Transcribe the listing below verbatim, omitting pictures.

## DATA SECTION
=== Begin Enclosure ===
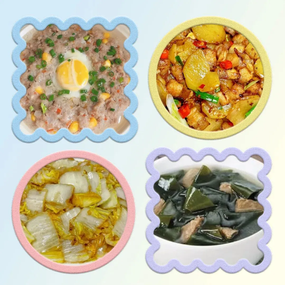 周四,鸡蛋肉饼,土豆炒肉,清炒娃娃菜,海带丝肉丝汤。
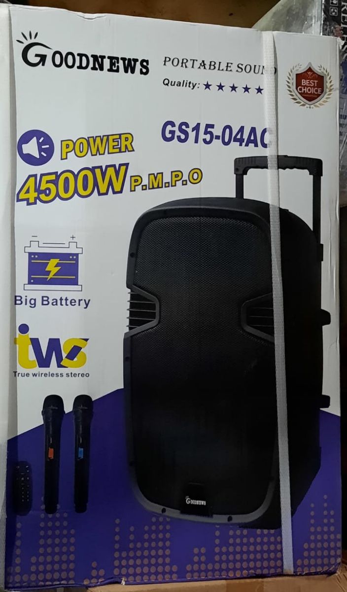 The 15 inches PA SPEAKERRemote control2pcs wireless microphonesAdapter chargerOwner's manual
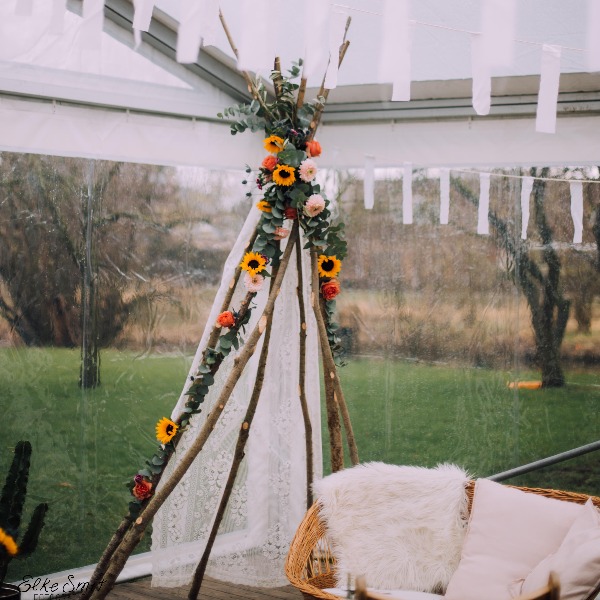 Tip! Decoreer de tipi met een mooi bloemstuk, of met een groene bos olijf of eucalyptus van Brisked! Deze optie kun je in jouw winkelmandje aanvinken.
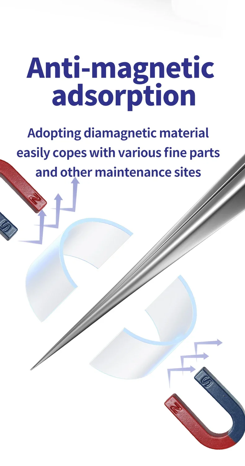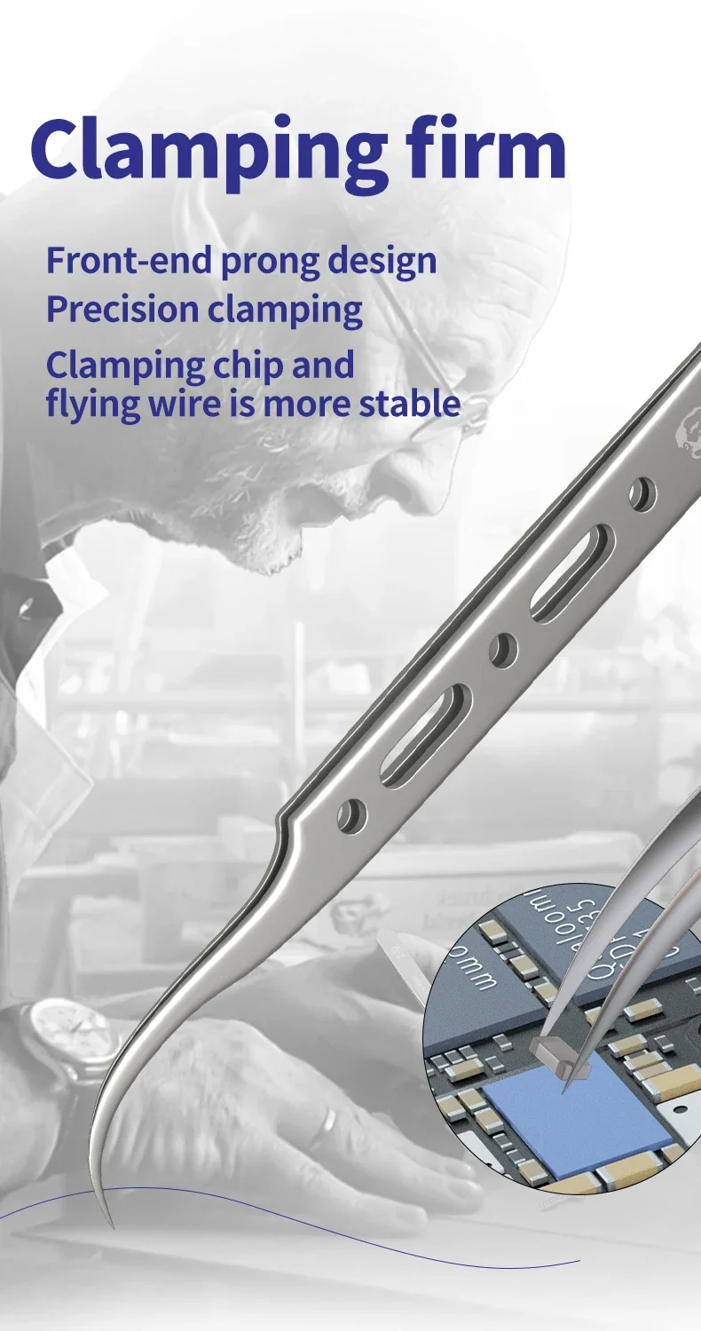 Crafted with anti-magnetic material to prevent adsorption interference. Safely grips delicate chips and flying wires. Features a high-hardness tip for secure holding and an elastic handle for reduced fatigue during prolonged use. Ideal for precision tasks like phone and computer repair.
=== End Enclosure ===
## RESPONSE TO THIS EXERCISE
 周四,鸡蛋肉饼,土豆炒肉,清炒娃娃菜,海带丝肉丝汤。
 The 15 inches PA SPEAKERRemote control2pcs wireless microphonesAdapter chargerOwner's manual
 Tip! Decoreer de tipi met een mooi bloemstuk, of met een groene bos olijf of eucalyptus van Brisked! Deze optie kun je in jouw winkelmandje aanvinken.
 Crafted with anti-magnetic material to prevent adsorption interference. Safely grips delicate chips and flying wires. Features a high-hardness tip for secure holding and an elastic handle for reduced fatigue during prolonged use. Ideal for precision tasks like phone and computer repair.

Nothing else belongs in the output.